Primo soggiorno di V. in Svizzera e a Strasburgo

Da Basilea V. accolse l'invito di Bucero di trasferirsi a Strasburgo, dove visse dal 1542 al 1547 e dove scrisse una lettera aperta ai lucchesi, dal titolo De fuga in persecutione, ribadendo il suo convincimento nel concetto protestante della sola fide. A Strasburgo V. insegnò Antico Testamento all'università e si sposò con Caterina Dammartin, un'ex suora di Metz (in Francia). Tuttavia, dopo la sconfitta dei protestanti della lega Smalcaldica nella battaglia di Muhlberg il 24 aprile 1547, V. ritenne più prudente allontanarsi da Strasburgo e quindi, assieme ad Ochino, egli accettò l'invito ad andare in Inghilterra.

V. in Inghilterra

L'invito gli era stato fatto da parte di John Dudley (1502-1553), conte di Warwick, Lord Protettore e reggente del trono del re minorenne Edoardo VI (1547-1553), ma soprattutto da parte dell'arcivescovo di Canterbury Thomas Cranmer. Questi aveva commissionato il Book of Common Prayer (il libro delle preghiere) per semplificare i libri di preghiere e di funzioni religiose in latino e risalenti al periodo medioevale. Il testo, pubblicato poi nel 1549, fu reso obbligatorio da parte dell'Atto di Uniformità del 1549 stesso, ma la sua definizione dottrinale definitiva, avvenuta nel 1552, fu resa possibile solo grazie alle diverse personalità della Riforma svizzera zwingliano-calvinista, che furono chiamate, in quel periodo, in Inghilterra e che diedero il proprio contributo: Martin Bucero (che finì i suoi giorni a Cambridge nel 1551), il polacco Jan Laski e il nostro V., a cui fu offerta la cattedra di Regius Professor di teologia all'università di Oxford, che tenne fino al 1553.

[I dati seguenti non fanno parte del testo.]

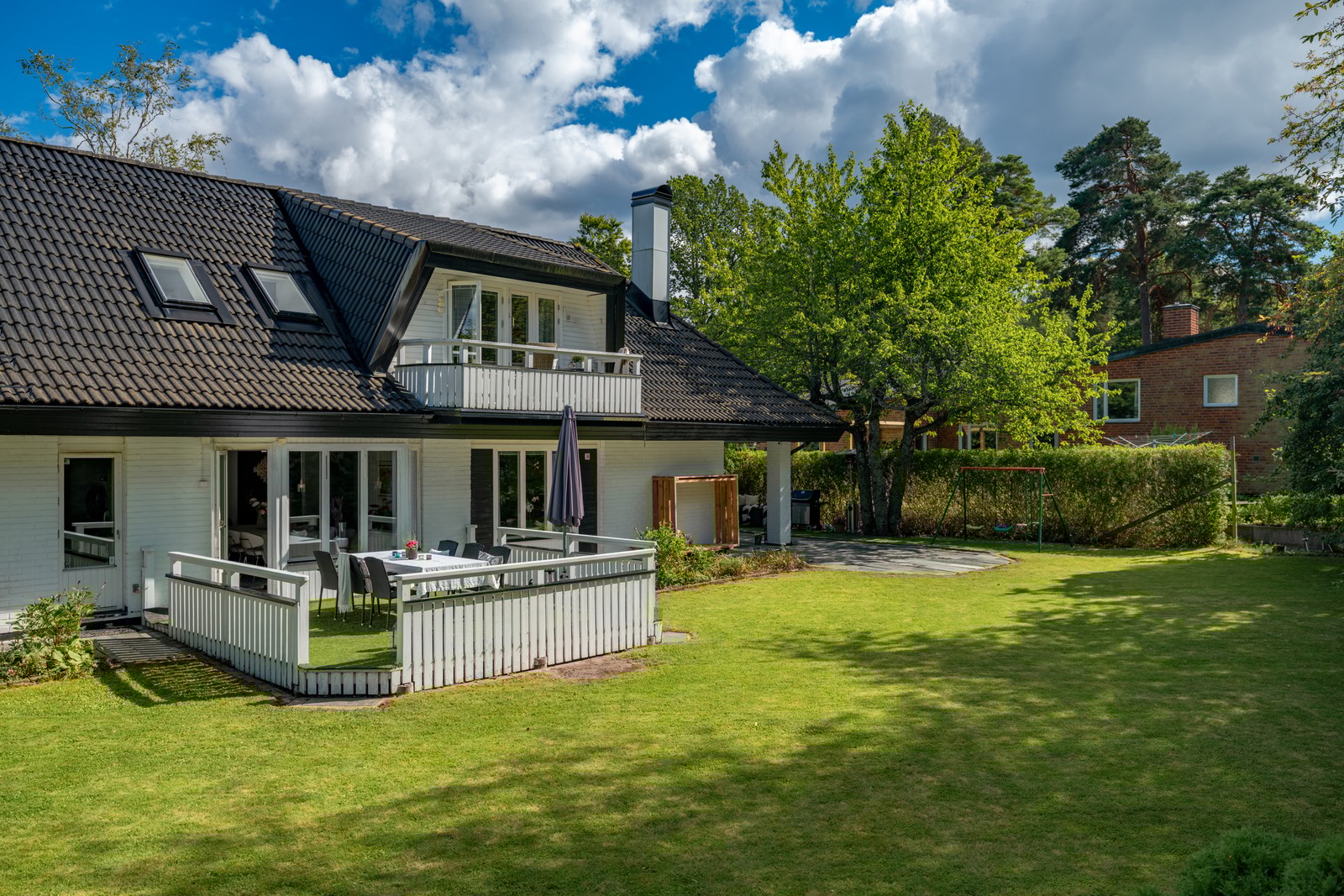 Trivsam, välplanerad villa med flera uteplatser och suveränt läge mitt i Enebyberg

Nello stesso periodo V. intervenne in diverse dispute religiose del momento, come nella disputa del 1549 ad Oxford sull'eucaristia: egli infatti aveva abbandonato il concetto luterano della consustanzialità (secondo il quale vi era la reale e sostanziale presenza del corpo e sangue di Cristo nel pane e vino, che tutti i comunicandi ricevevano, che fossero degni o indegni, credenti o miscredenti) per aderire a quello calvinista della reale partecipazione nell'eucaristia alla carne e al sangue di Gesù Cristo (ma ciò, per Calvino, non significava una presenza locale di Cristo nell'Eucaristia, poiché Egli poteva essere solo in cielo).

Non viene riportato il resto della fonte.